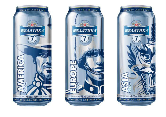 «Балтика №7» - пиво, вкус которого знают и любят на 5 континентах. Серия коллекционных банок «семерки» раскрывает суть и подчеркивает особенности континентов, где продается этот сорт пива. Так, в серию вошли 3 банки объемом 0,5 л с оригинальным дизайном, в котором воплотились характерные черты Америки, Азии и Европы.
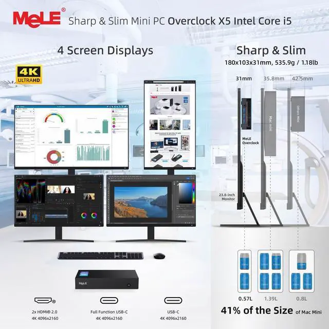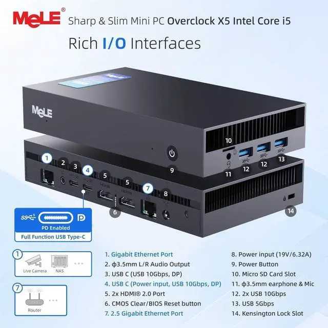 Quad Display: MeLE Overclock X5 i5 micro PC is built in 1.2GH z UHD Graphics, equipped with 2 full function USB Type-C ports and 2 HDMI 2.0 ports, which supports 4K 4 Screens Display simultaneously. The full functional USB-C interfaces support 4K display, data transmission (10Gbps) and Power input (with PD 3.0 protocol), all in one cable. Ideal for multitasking office work (improve work efficiency), video conferencing, financial transactions, real-time monitoring, light creative work. ^^ 2.5G bE + 1GbE Dual
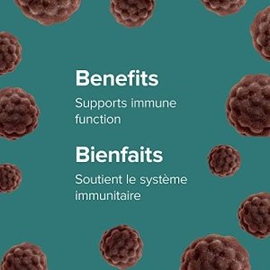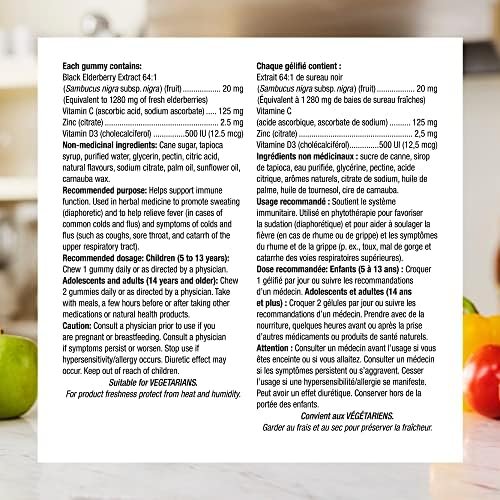 Antioxidant and Immune Support: Each gummy contains 20 mg of Black Elderberry Extract (equivalent to 1,280 mg of fresh elderberries), 500 IU of Vitamin D3, 125 mg of Vitamin C and 2.5 mg of Zinc
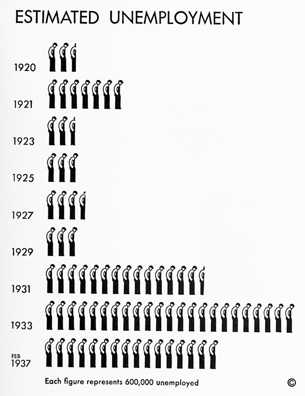 本節では、そのために同時代を特徴づける代表的なチャートのひとつである失業・雇用状態を扱ったものを取り上げる。図13はPSに掲載された失業・雇用状態を示すピクトグラム群である。まず図14で示すように失業者については標準的ピクトグラムが存在していたにもかかわらず、それとは別に独自に制作されたものがあったことを確認しておく。この独自制作の失業ピクトグラムは1939年頃に制作され、結果として標準的ピクトグラムを用いたチャート(図15)と、独自のピクトグラムを用いたチャート(図16)とが併存していた。独自制作のピクトグラムのデザインは標準的ピクトグラムと比べ幾何学的性質が弱められており、図13に見られる他のピクトグラムと親和性を高めている。他方で、図13には明らかに幾何学的性質の強い失業者を表すピクトグラムも認められる。下列中央に置かれたピクトグラムがそれである。この用例として図17のチャートの存在を確認したが、工場での機械的労働を示すピクトグラムとセットで用いられており、他の用例は確認できていない。図17は「テレファクト(Telefact)」という日刊新聞用の配給カットとして制作された図像統計[注21]で、新聞紙上におけるカットという条件ゆえに、より単純明快なピクトグラムの必要性からデザインされたものかもしれない。あるいは単に担当デザイナーの違いなどの別の要因もあったのかもしれない。いずれにしても、このピクトグラムと他のそれとの違いは様式的差異である。それに対して、それと明確に異なるあり方を示しているのが、図13に見られる微妙に姿勢の異なるピクトグラムである。これらのピクトグラムの用法は、図18で確認できる。この図は単年度の雇用・失業状態を年齢別に比較したものだが、図17と異なり就労者が正面像として描かれ、失業者は側面ないしは斜め横の像で表現されている。さらに、40歳未満、40歳以上60歳未満、60歳以上の3つの年齢層が、それぞれ服装と姿勢の微妙な違いで表現されている。この事例は、図13における微妙な姿勢の違いが年齢層ごとに失業・就業者を区別するための工夫であったことを示している。
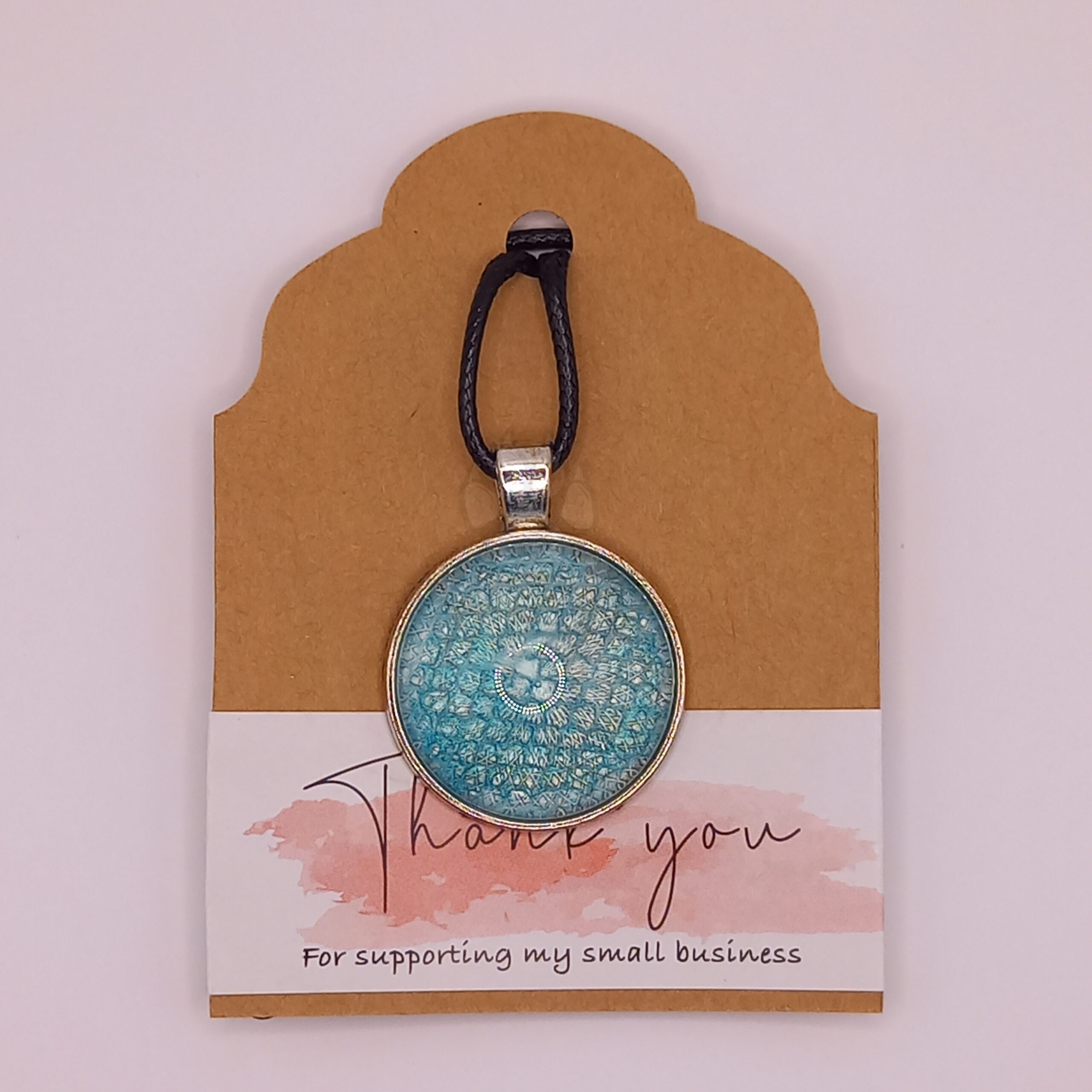 Silver base pendant, transparent blue shimmer.

# # # # #

### WHAT THE TASK ASKS:
Reproduce only the lines running from the beginning of the entries above to the line holding "Antioxidant and Immune", inclusive. Pictures stay out of the copy.

### ANSWER TO THE PROBLEM:
 «Балтика №7» - пиво, вкус которого знают и любят на 5 континентах. Серия коллекционных банок «семерки» раскрывает суть и подчеркивает особенности континентов, где продается этот сорт пива. Так, в серию вошли 3 банки объемом 0,5 л с оригинальным дизайном, в котором воплотились характерные черты Америки, Азии и Европы.
 Quad Display: MeLE Overclock X5 i5 micro PC is built in 1.2GH z UHD Graphics, equipped with 2 full function USB Type-C ports and 2 HDMI 2.0 ports, which supports 4K 4 Screens Display simultaneously. The full functional USB-C interfaces support 4K display, data transmission (10Gbps) and Power input (with PD 3.0 protocol), all in one cable. Ideal for multitasking office work (improve work efficiency), video conferencing, financial transactions, real-time monitoring, light creative work. ^^ 2.5G bE + 1GbE Dual
 Antioxidant and Immune Support: Each gummy contains 20 mg of Black Elderberry Extract (equivalent to 1,280 mg of fresh elderberries), 500 IU of Vitamin D3, 125 mg of Vitamin C and 2.5 mg of Zinc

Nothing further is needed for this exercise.